Behavioral and mental health seem like a natural fit for telehealth’s capabilities: remote, convenient, and instantaneous in case of crisis, unbound by a patient’s locality. The month of August has been a standout month for behavioral telehealth, between government programs, studies, and private companies starting initiatives or investing in others.

The National Business Group on Health released a report on the 8th of this month that highlighted the progress. A full 96% of employers plan to cover some form of telehealth for their employees in 2018, with 56% reportedly willing to do so for behavioral health.

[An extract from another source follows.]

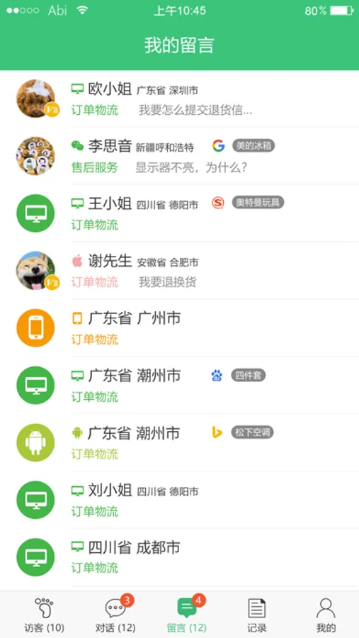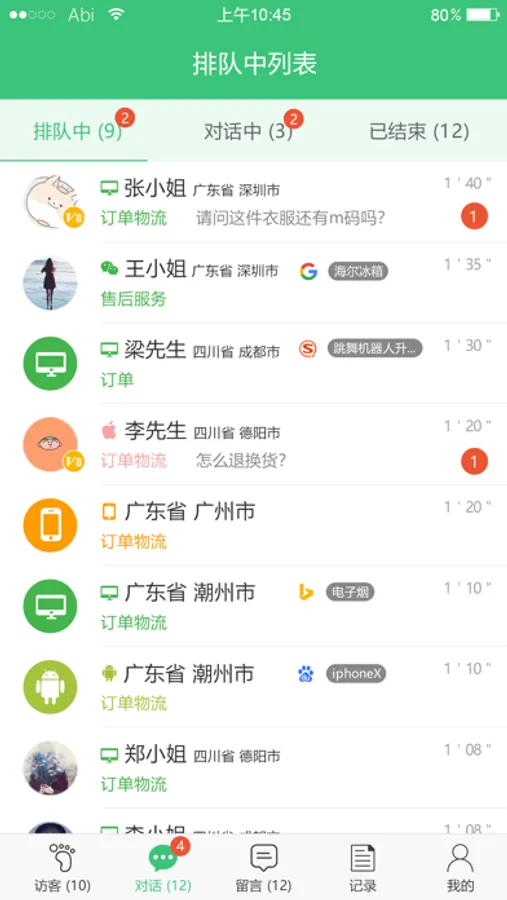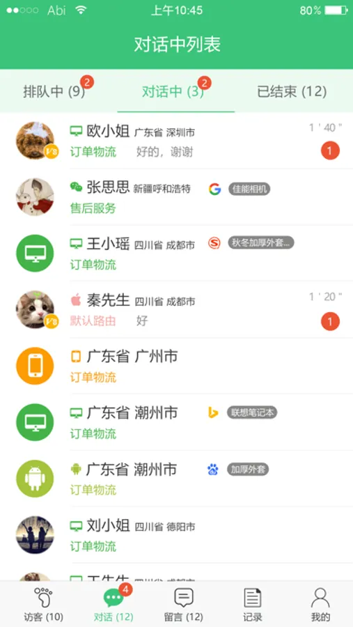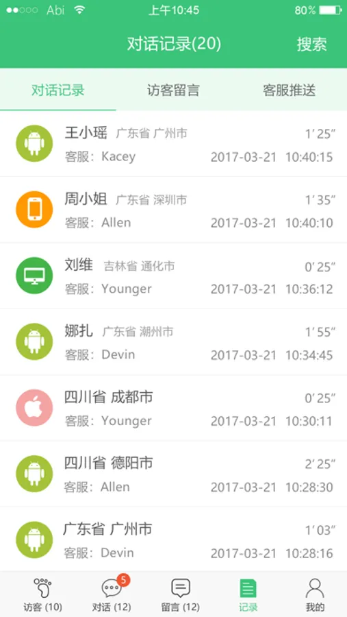 7、多维度分析:通过对趋势、来源、受访、访客、客服、对话等多维度全方位的分析,多维度数据助力企业决策有的放矢。不同岗位、职位所需报表定制,摆脱每天繁琐的数据收集、整理。监控随时随地,考核轻而易举。

That number represents a doubling from the number of employers who did so this year.

Before that, it was an announced collaboration between the Department of Veterans Affairs and the White House on the VA Video Connect tool. The service is intended to expand the VA’s telehealth reach, already the nation’s largest, with special emphasis on mental healthcare. The issue is of particular interest to the VA population.

“This will significantly expand access to care for our Veterans, especially for those who need help in the area of mental health…and also in suicide prevention,” Donald Trump said at the time.

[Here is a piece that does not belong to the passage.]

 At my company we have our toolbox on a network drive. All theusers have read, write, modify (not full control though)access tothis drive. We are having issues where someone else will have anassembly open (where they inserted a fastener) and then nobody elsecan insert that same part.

Another pressing, topical issue that behavioral health via telemedicine may have potential for is the opioid crisis. As a dangerous behavioral health condition, counseling is often necessary to help patients beat addiction. The drug epidemic’s particularly shattering effects on rural communities that may lack for licensed therapists and counselors makes behavioral telehealth an even more compelling option. The President announced plans to declare the opioid crisis a national emergency earlier this month, though has yet to file the necessary paperwork with Congress.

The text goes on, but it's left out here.